I already have the following parser, but unfortunately it's not extracting the timestamp to the metadata.event_timestamp UDM field

 

 
filter {
    mutate {
        replace => {
            "rt" => ""
            "header_version" => ""
            "organization" => ""
            "product_version" => ""
            "event_id" => ""
            "event_name" => ""
            "sev" => ""
            "cef_event_attributes" => ""
            "cat" => ""
            "act" => ""
            "action" => ""
            "security_result" => ""
            "shost" => ""
            "src" => ""
            "spt" => ""
            "smac" => ""
            "dvchost" => ""
            "dhost" => ""
            "dst" => ""
            "dpt" => ""
            "dmac" => ""
            "dvc" => ""
            "about" => ""
            "proto" => ""
            "suid" => ""
            "fsize" => ""
            "cs6" => ""
            "cs6Label" => ""
            "has_principal" => "false"
            "has_target" => "false"
        }
    }

    grok {
        match => {
            "message" => [
                "<%{INT}>CEF:(?P<header_version>[^|]+)\\|(?P<organization>[^\\|]+)\\|(?P<log_type>[^\\|]+)\\|(?P<product_version>[^\\|]+)\\|(?P<event_id>[^\\|]+)\\|(?P<event_name>[^\\|]+)\\|(?P<sev>[^\\|]+)\\|%{GREEDYDATA:cef_event_attributes}"
            ]
        }
        overwrite => [
            "rt",
            "header_version",
            "organization",
            "log_type",
            "product_version",
            "event_id"
            "cef_event_attributes",
            "event_name",
            "sev"
        ]
        on_error => "invalid_grok"
    }

    if [cef_event_attributes] != "" {
    mutate {
        gsub => ["cef_event_attributes","\\\\\\\\","\\"]
    }
    mutate {
        gsub => ["cef_event_attributes", "(\\\s+)([0-9a-zA-Z_.-]+?)=", "^$2="]
    }
        kv {
            source => "cef_event_attributes"
            field_split => "^"
            value_split => "="
            on_error => "invalid_kv1"
      }
  }

  if [rt] != "" {
    date {
      match => ["rt", "RFC3339", "MMM d HH:mm:ss"]
      target => "metadata.event_timestamp"
      rebase => true
      on_error => "date_error"
    }
  }
 
[...]
 
I have been able to parse almost all fields, except the timestamp.
Maybe someone can help.
 
Greetings
Jan
Solved Solved
0 2 400
1 ACCEPTED SOLUTION

Headed into the `date` function the value of rt is formatted: 

Oct 21 2024 17:04:06 GMT+02:00 

Which includes the year and timezone which isn't accounted for in your match: "MMM d HH:mm:ss"

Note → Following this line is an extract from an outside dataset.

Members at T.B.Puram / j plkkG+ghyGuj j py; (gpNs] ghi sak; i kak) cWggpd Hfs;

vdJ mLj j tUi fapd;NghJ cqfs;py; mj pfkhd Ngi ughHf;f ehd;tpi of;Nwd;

You can add yyyy to the match in order to capture the year: 
"MMM d yyyy HH:mm:ss"

To address the timezone you also need to add "ZZ" to the match; but we have additional work since the match engine does recognize "+02:00" as a valid timezone format, but does not recognize "GMT+02:00". 

Splitting that out and fully handling it with support for different timezones is surprisingly complex, but there's a good example of it in the default TRENDMICRO_AV parser if you want to investigate.

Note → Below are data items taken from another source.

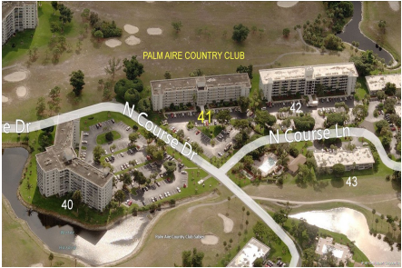
Built in 1974 - 60 units - 6 floors

Mwi/Campbell Management Co, Palm Aire Country Club Condominium Association 3500 Gateway Drive # 202 Pompano Beach, FL 33069-4870 (954) 968-4481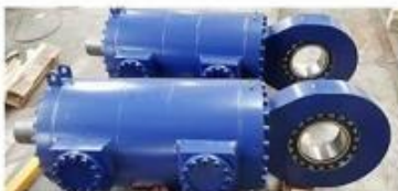
CEMENT CRUSHER CYLINDER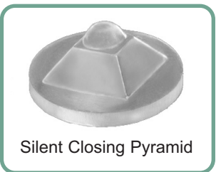
Silent Closing Pyramid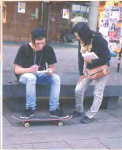
Young Korean and Japanese members signed on to spend a year witnessing in Australia; Here, two of them are hard at work on the streets of Sydney.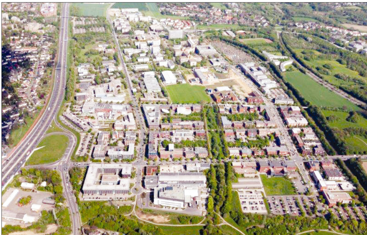
Fig. 2. Dortmund Campus with TZDO and Park

The adjacent area of 40 ha next to the joint campus of the TU Dortmund University and the TZDO for the TechnologieParkDortmund was planned already in the zoning map in 1985 when the TZDO was founded. First construction activities started here in 1988 after the second construction section of the TZDO was completed in 1987. The park offers young enterprises which have hatched out of the incubator TechnologieZentrumDortmund space for the construction of own premises. It is likewise an excellent location for enterprises which seek contact to scientific institutions but have no need for the kind of support provided in the TechnologieZentrumDortmund. The TechnologieParkDortmund has grown fast and accommodates today more than 250 companies with over 8,000 employees. TZDO and TPDO together have created more than 13,000 employment oppor-

If your data consistently shows GMT+|-<offset> you can do a more limited solution that only covers that specific format by using gsub to remove "GMT" from the string.  Additionally we only want to remove 'GMT' if its followed by the offset, and re2 doesn't support lookaheads; so we need to wrap the gsub in an IF statement to get the full effect. 

  if [rt] != "" {
    if [rt] =~ " GMT[\+-]" {
        mutate { gsub => ["rt", " GMT", " "]}
    }
    date {
      match => ["rt", "MMM d yyyy HH:mm:ss ZZ"]
      on_error => "date_error"
    }
  }

In my example I also removed the target and rebase arguments.  Target defaults to event_timestamp and doesn't need to be specified unless you are writing to a different timestamp.  Rebase is used when there isn't a year specified in the timestamp, your data includes a year so this shouldn't be used.

View solution in original post

2 REPLIES 2

Headed into the `date` function the value of rt is formatted: 

Oct 21 2024 17:04:06 GMT+02:00 

Which includes the year and timezone which isn't accounted for in your match: "MMM d HH:mm:ss"

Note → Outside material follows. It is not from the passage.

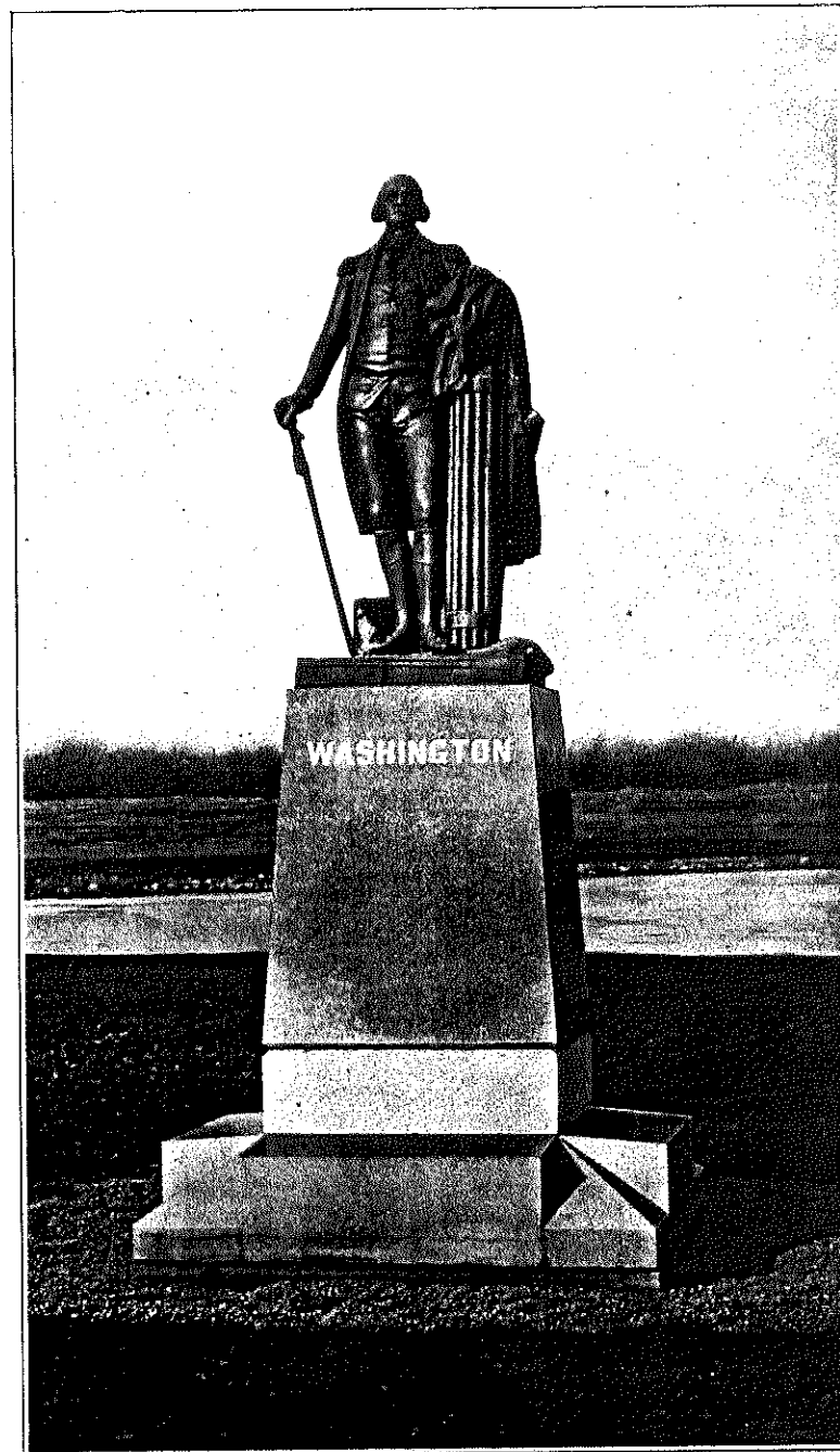
Washington Statue in Menominee Park

You can add yyyy to the match in order to capture the year: 
"MMM d yyyy HH:mm:ss"

To address the timezone you also need to add "ZZ" to the match; but we have additional work since the match engine does recognize "+02:00" as a valid timezone format, but does not recognize "GMT+02:00". 

Splitting that out and fully handling it with support for different timezones is surprisingly complex, but there's a good example of it in the default TRENDMICRO_AV parser if you want to investigate.

If your data consistently shows GMT+|-<offset> you can do a more limited solution that only covers that specific format by using gsub to remove "GMT" from the string.  Additionally we only want to remove 'GMT' if its followed by the offset, and re2 doesn't support lookaheads; so we need to wrap the gsub in an IF statement to get the full effect. 

  if [rt] != "" {
    if [rt] =~ " GMT[\+-]" {
        mutate { gsub => ["rt", " GMT", " "]}
    }
    date {
      match => ["rt", "MMM d yyyy HH:mm:ss ZZ"]
      on_error => "date_error"
    }
  }

In my example I also removed the target and rebase arguments.  Target defaults to event_timestamp and doesn't need to be specified unless you are writing to a different timestamp.  Rebase is used when there isn't a year specified in the timestamp, your data includes a year so this shouldn't be used.

works grat, thanks a lot!